J'ai donc pris un stylo et du papier et me suis assis devant la télévision. Toute ma joie a été anéantie, et une fois de plus, l'exclamation : « Comme vous êtes toujours aussi franc, journaliste ! » Ne savez-vous toujours pas que leurs seigneurs considèrent leur discours comme un article de loi intouchable et qu'ils ne le modifieront pas, même si un sous-marin nucléaire explose à Rota ? Ne savez-vous toujours pas que ces seigneurs croient gagner plus de voix avec Begoña Gómez ou le procureur général au banc des accusés qu'avec une politique étrangère ou de défense négociée ? Comment Abascal, micro en main et vent arrière, pourrait-il laisser passer l'occasion de continuer à gagner quelques voix s'il qualifie Sánchez de corrompu, d'indécent et de traître ? Et comment les socialistes pourraient-ils renoncer à lui mettre la tête sous le nez ?
Sánchez, au Congrès, cette semaine
Dani DuchQue ces questions servent d'indices. Même les incendies de l'été n'y ont rien changé : la même tension, le même débat répétitif, la même campagne électorale facile, la même démolition de l'adversaire, le même ressentiment et le même résultat. À force de répéter ce qui a déjà été dit, on hausse le ton, seule façon de gagner en importance, et tout est dévalué. Je commence à craindre que le jour de la grande explosion de la guerre, qui viendra, le débat au Parlement espagnol soit le suivant : Sánchez, proclamant que nous sommes du bon côté, même si nous ne savons pas lequel ; Feijóo, le rendant responsable de l'attentat de Wall Street ; Yolanda Díaz, considérant que le patronat boycotte la paix ; Abascal, portant plainte contre le bipartisme. Et je n'ai plus de gérondifs.
RESTES
Diada. Les Catalans nous surpassent, nous les Galiciens, en termes de force nationale. Nous sommes à égalité d'inquiétude quant à la santé de notre propre langue. Nous faisons quelque chose de mal, ou il nous arrive quelque chose.
Cruel. Un diagnostic douloureux de l'Espagne : « une vague d'indignité ». C'est d'Elvira Lindo dans El País . Je suis d'accord avec le commentaire d'Enrique Curiel, et j'espère qu'il n'était pas prophétique : « L'indignité, lorsqu'elle est exprimée, n'a pas de limites. »
La foi. « Je crois en la justice », a déclaré le procureur général. « Bien sûr que non », avons-nous répondu, nous les méfiants, et les sceptiques ont applaudi. On aurait dit que le pape disait croire en l'Église.
Niveau. « Répétez après moi, Votre Honneur : c’est un génocide. » C’est ce que Sánchez a dit à Feijóo. Je lui demande : y a-t-il pire qu’un génocide ? J’en doute. Alors, jusqu’où doit aller l’agression israélienne pour que Sánchez rompe les relations ?

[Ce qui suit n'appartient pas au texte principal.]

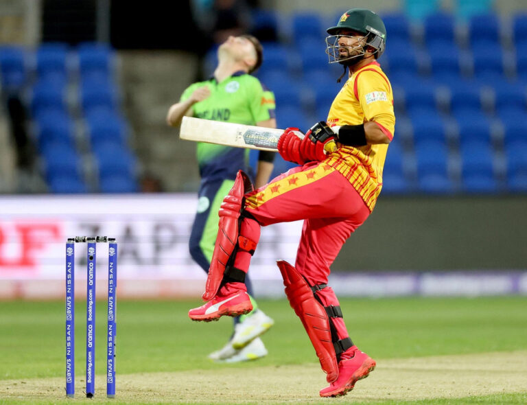 ਟੀ-20 ਵਰਲਡ ਕੱਪ ਦੇ ਇਕ ਮੁਕਾਬਲੇ ‘ਚ ਸਿਕੰਦਰ ਰਜ਼ਾ (82 ਦੌੜਾਂ, ਇਕ ਵਿਕਟ) ਦੇ ਆਲਰਾਊਂਡਰ ਪ੍ਰਦਰਸ਼ਨ ਅਤੇ ਬਲੇਸਿੰਗ ਮੁਜਰਬਜ਼ਾਨੀ (15/3) ਦੀ ਤਿੱਖੀ ਗੇਂਦਬਾਜ਼ੀ ਦੀ ਬਦੌਲਤ ਜ਼ਿੰਬਾਬਵੇ ਨੇ ਆਇਰਲੈਂਡ ਨੂੰ 31 ਦੌੜਾਂ ਨਾਲ ਹਰਾ ਦਿੱਤਾ। ਜ਼ਿੰਬਾਬਵੇ ਨੇ ਗਰੁੱਪ ਬੀ ਦੇ ਆਪਣੇ ਪਹਿਲੇ ਮੈਚ ‘ਚ ਆਇਰਲੈਂਡ ਨੂੰ 175 ਦੌੜਾਂ ਦਾ ਟੀਚਾ ਦਿੱਤਾ ਹੈ। ਜਵਾਬ ‘ਚ ਆਇਰਲੈਂਡ ਦੀ ਟੀਮ 143 ਦੌੜਾਂ ਹੀ ਬਣਾ ਸਕੀ। ਆਇਰਲੈਂਡ ਨੇ ਟਾਸ ਜਿੱਤ ਕੇ ਗੇਂਦਬਾਜ਼ੀ ਕਰਦੇ ਹੋਏ ਸਲਾਮੀ ਬੱਲੇਬਾਜ਼ ਰੇਗਿਸ ਚੱਕਾਬਵਾ ਨੂੰ ਪਾਰੀ ਦੀ ਪਹਿਲੀ ਹੀ ਗੇਂਦ ‘ਤੇ ਆਊਟ ਕੀਤਾ। ਕ੍ਰੇਗ ਇਰਵਿਨ ਅਤੇ ਵੇਸਲੇ ਮਧਵੇਰੇ ਨੇ ਦੂਜੀ ਵਿਕਟ ਲਈ 37 ਦੌੜਾਂ ਜੋੜੀਆਂ ਪਰ ਦੋਵੇਂ 37 ਦੌੜਾਂ ਦੇ ਕੁੱਲ ਸਕੋਰ ‘ਤੇ ਆਊਟ ਹੋ ਗਏ। ਪੰਜਵੇਂ ਨੰਬਰ ‘ਤੇ ਬੱਲੇਬਾਜ਼ੀ ਕਰਨ ਆਏ ਰਜ਼ਾ ਨੇ ਫਿਰ ਜ਼ਿੰਬਾਬਵੇ ਦੀ ਪਾਰੀ ਨੂੰ ਅੱਗੇ ਵਧਾਇਆ ਅਤੇ 48 ਗੇਂਦਾਂ ‘ਤੇ ਪੰਜ ਚੌਕਿਆਂ ਅਤੇ ਪੰਜ ਛੱਕਿਆਂ ਦੀ ਮਦਦ ਨਾਲ 82 ਦੌੜਾਂ ਬਣਾਈਆਂ। ਇਸ ਤੋਂ ਇਲਾਵਾ ਸ਼ਾਨ ਵਿਲੀਅਮਜ਼ ਨੇ 12 (11) ਦੌੜਾਂ, ਮਿਲਟਨ ਸ਼ੁੰਬਾ ਨੇ 16 (14) ਦੌੜਾਂ ਜਦਕਿ ਲਿਊਕ ਜੋਂਗਵੇ ਨੇ 20 (10) ਦੌੜਾਂ ਦਾ ਯੋਗਦਾਨ ਦਿੱਤਾ। ਆਇਰਲੈਂਡ ਵਲੋਂ ਜੋਸ਼ੂਆ ਲਿਟਲ ਨੇ ਚਾਰ ਓਵਰਾਂ ‘ਚ 24 ਦੌੜਾਂ ਦੇ ਕੇ ਤਿੰਨ ਵਿਕਟਾਂ ਲਈਆਂ ਜਦੋਂਕਿ ਮਾਰਕ ਅਡਾਇਰ ਨੇ (ਚਾਰ ਓਵਰ, 39 ਦੌੜਾਂ) ਅਤੇ ਸਿਮੀ ਸਿੰਘ (ਤਿੰਨ ਓਵਰ, 31 ਦੌੜਾਂ) ਨੇ ਦੋ-ਦੋ ਵਿਕਟਾਂ ਹਾਸਲ ਕੀਤੀਆਂ।
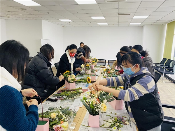 國際三八婦女節(jié)來臨之際,為豐富園區(qū)婦女企業(yè)員工的業(yè)余生活、陶冶情操,3月7日上午,火炬孵化博濟錢江匯谷運營服務中心聯(lián)合物聯(lián)網指揮部企服辦在7樓會議室開展了一場“魅力處處綻放美麗處處綻放”三八節(jié)插花花藝園企互動。共計12位員工在此體驗插花藝術,感受插花藝術帶來的精神享受。
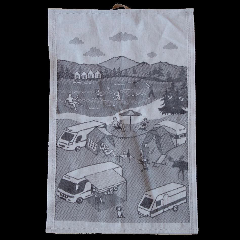 Unser verspieltes Küchentuch, das sich gleichermaßen gut als Leinwand- oder Wanddekoration eignet.
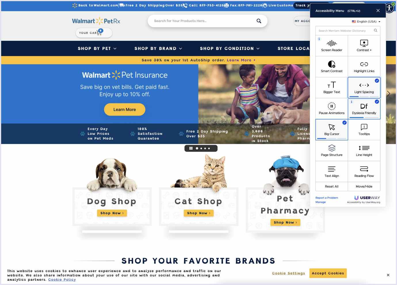 وبسایت WolmartPetRx نمونهی خوبی از ترند فراگیری است. این وبسایت با متصل شدن به یک ویجت، طراحی را فراگیر میکند. از این رو بازدیدکنندگان میتوانند وبسایت را مطابق با سلیقهی خود سفارشی کنند.
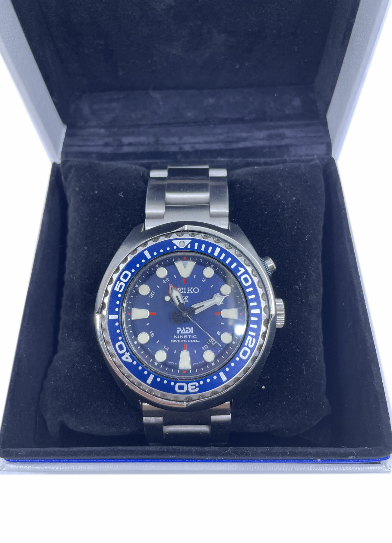 - This timepiece features a 47mm steel case paired with a high quality steel bracelet. It showcases a distinctive blue dial and is powered by a precise quartz winding movement. The watch is designed with a water resistance of up to 200m.
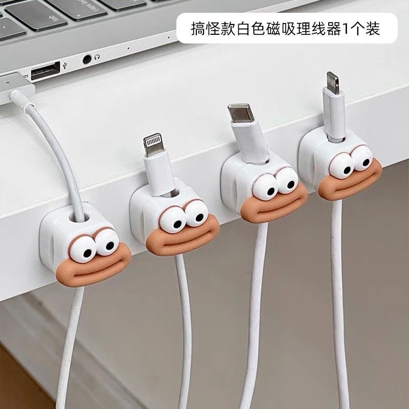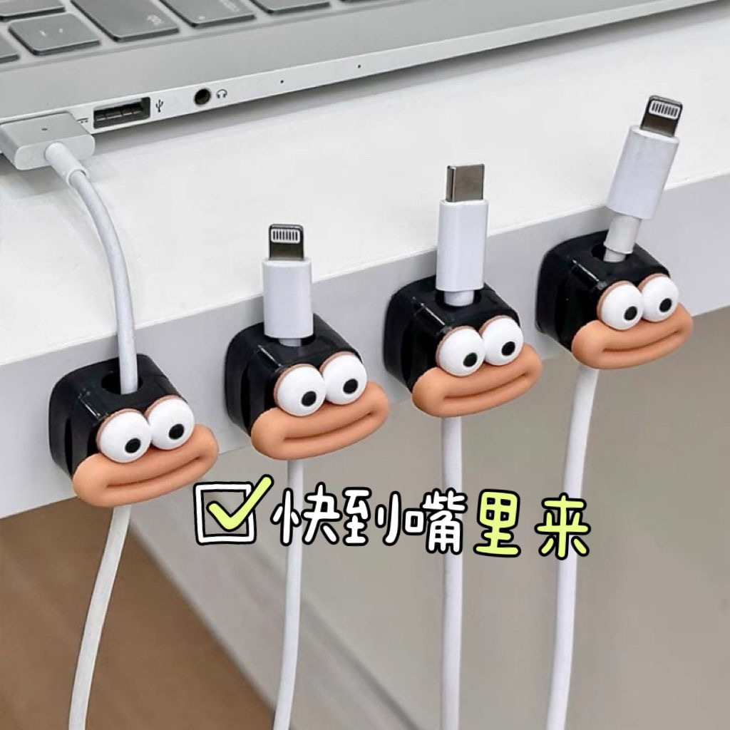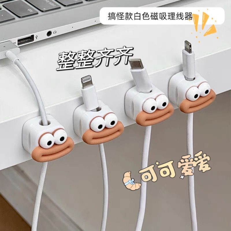 大嘴磁吸收纳数据线固定理线器桌边充电线收纳神器绕线走线卡扣

Phobie. Fierté de Sanchez : 22 millions d’emplois. Du jamais vu. Pourquoi cette mauvaise image du gouvernement ? Tezanos accuse le pessimisme éternel de l’Espagne. Ce chroniqueur pense pire : 1) Travailler ne sort pas de la pauvreté. Et 2) Ces choses arrivent aux gouvernements lorsqu’ils sont ou paraissent hostiles.
Les influenceurs. Ils créent plus d'opinions que les universitaires. Une citation (un peu absurde) de María Pombo sur la lecture a inspiré plus d'articles que la question « J'aime les fruits », un sujet de débat national crucial. Les influenceurs seront bientôt le véritable « quatrième pouvoir ». Peut-être le sont-ils déjà.